Il social professionale di Microsoft potrà usare profili e contenuti pubblici per addestrare l’IA generativa. Le autorità privacy europee, tra cui il Garante italiano, avviano verifiche sulla legittimità della scelta

LinkedIn userà i dati degli utenti

LinkedIn userà i dati degli utenti europei per l’intelligenza artificiale: dal 3 novembre scatta la novità, ecco come opporsi

Dal 3 novembre 2025 cambierà in modo sostanziale il rapporto tra gli utenti europei e LinkedIn, la piattaforma professionale di proprietà di Microsoft. La società ha infatti annunciato che inizierà a utilizzare i dati personali degli iscritti – inclusi quelli italiani – per addestrare i propri sistemi di intelligenza artificiale generativa. Una decisione che riguarda milioni di profili in Europa, Svizzera, Canada e Hong Kong e che, come precisato dalla stessa azienda, sarà attiva di default: chi non intende autorizzare l’uso dei propri dati dovrà intervenire manualmente nelle impostazioni del profilo o compilare un modulo dedicato.

L’annuncio, reso pubblico a fine settembre, ha già acceso il dibattito sulla tutela della privacy e sul confine – sempre più sottile – tra uso legittimo dei dati e sfruttamento a fini commerciali e tecnologici. LinkedIn ha spiegato che l’obiettivo è “migliorare l’esperienza d’uso e aiutare gli utenti a scoprire nuove opportunità professionali” attraverso l’uso dell’IA, specificando però che non verranno coinvolti i messaggi privati o le comunicazioni dirette.
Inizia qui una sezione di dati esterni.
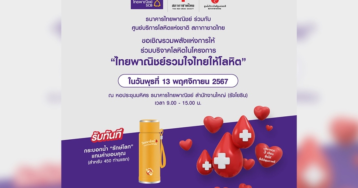 ธนาคารไทยพาณิชย์ร่วมกับศูนย์บริการโลหิตแห่งชาติ สภากาชาดไทย ขอเชิญรวมพลังแห่งการให้ร่วมบริจาคโลหิต ภายใต้โครงการ “ไทยพาณิชย์รวมใจไทยให้โลหิต” ในวันพุธที่ 13 พฤศจิกายน 2567 เวลา 9.00-15.00 น. ณ หอประชุมมหิศร ธนาคารไทยพาณิชย์ สำนักงานใหญ่ (รัชโยธิน) เพื่อเติมเต็มและส่งต่อโลหิตที่มีคุณภาพให้มีเพียงพอต่อการรักษาพยาบาลผู้ป่วยทั่วประเทศ ยังมีผู้ป่วยจำนวนมากที่กำลังรอรับโลหิตเพื่อต่อลมหายใจ การบริจาคโลหิต 1 ครั้ง สามารถนำไปช่วยชีวิตผู้ป่วยได้มากกว่า 3 ชีวิต สำหรับ 450 ท่านแรกที่ร่วมบริจาคโลหิต รับทันทีกระบอกน้ำ “รักษ์โลก” แทนคำขอบคุณ

Nel dettaglio, i dati utilizzati per l’addestramento dei modelli comprendono “dettagli del profilo e contenuti pubblici”, quindi informazioni come il nome, la professione, le competenze, i post e i commenti pubblicati sulla piattaforma. Questi elementi serviranno a migliorare i sistemi di intelligenza artificiale generativa, la tecnologia alla base dei nuovi strumenti che il social sta sviluppando per suggerire contenuti, ottimizzare i post, facilitare la scrittura dei curriculum e raffinare la ricerca di lavoro o di candidati.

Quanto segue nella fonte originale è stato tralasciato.